*** Data section Section Begins ***

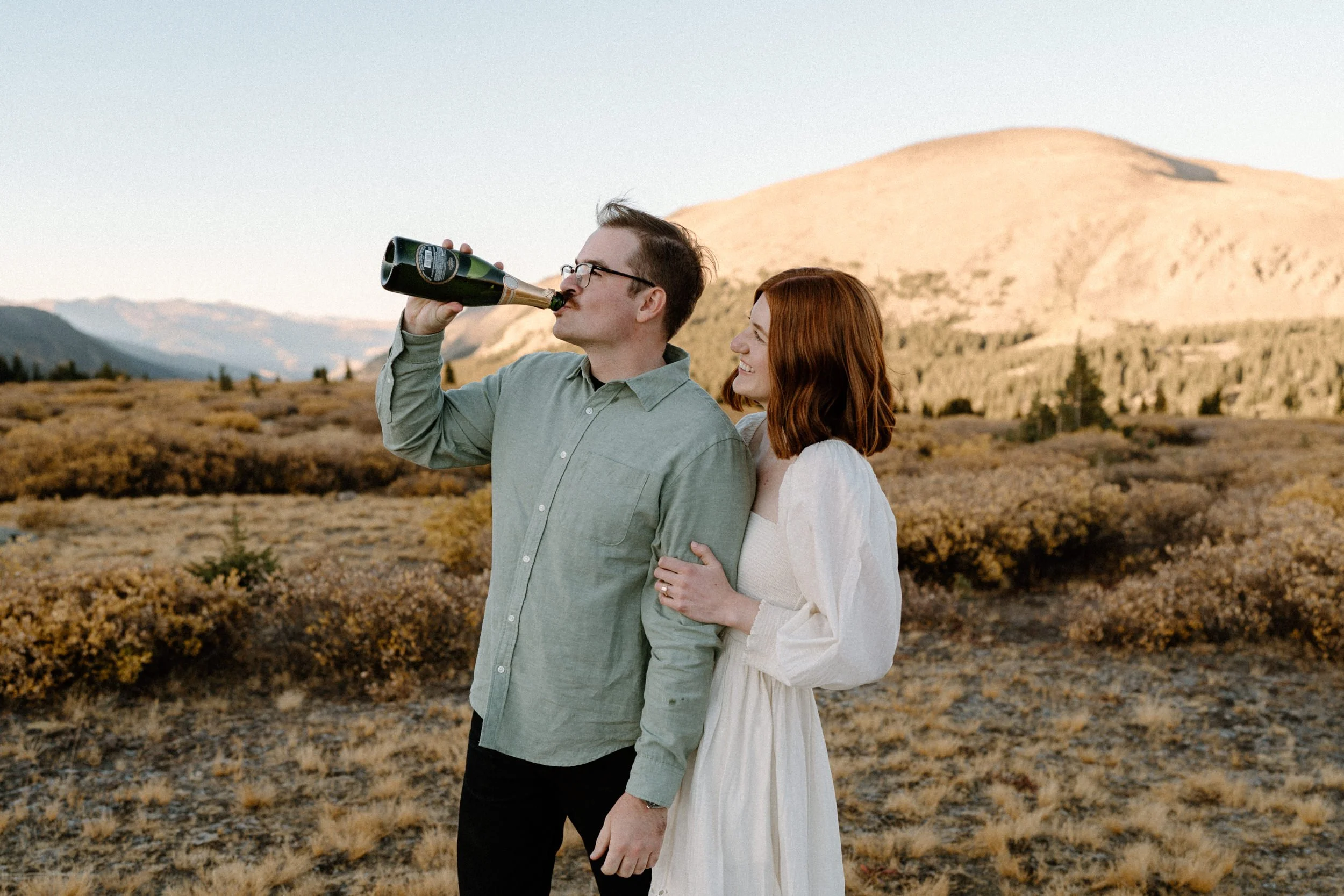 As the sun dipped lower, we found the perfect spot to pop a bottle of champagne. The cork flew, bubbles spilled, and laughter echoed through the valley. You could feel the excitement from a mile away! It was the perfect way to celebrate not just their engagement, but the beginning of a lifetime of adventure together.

*** Data section Section Ends ***
*** Data section Section Begins ***

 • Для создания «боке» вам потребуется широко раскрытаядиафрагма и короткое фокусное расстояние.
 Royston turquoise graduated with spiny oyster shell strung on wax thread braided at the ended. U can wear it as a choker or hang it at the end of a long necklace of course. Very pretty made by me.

*** Data section Section Ends ***

What is needed =>
Taking the lines above, repeat exactly those from the line that contains "короткое фокусное расстояние." through the line that contains "Royston turquoise graduated", and both of those lines as well. Include nothing else.

Answer for this exercise =>
 • Для создания «боке» вам потребуется широко раскрытаядиафрагма и короткое фокусное расстояние.
 Royston turquoise graduated with spiny oyster shell strung on wax thread braided at the ended. U can wear it as a choker or hang it at the end of a long necklace of course. Very pretty made by me.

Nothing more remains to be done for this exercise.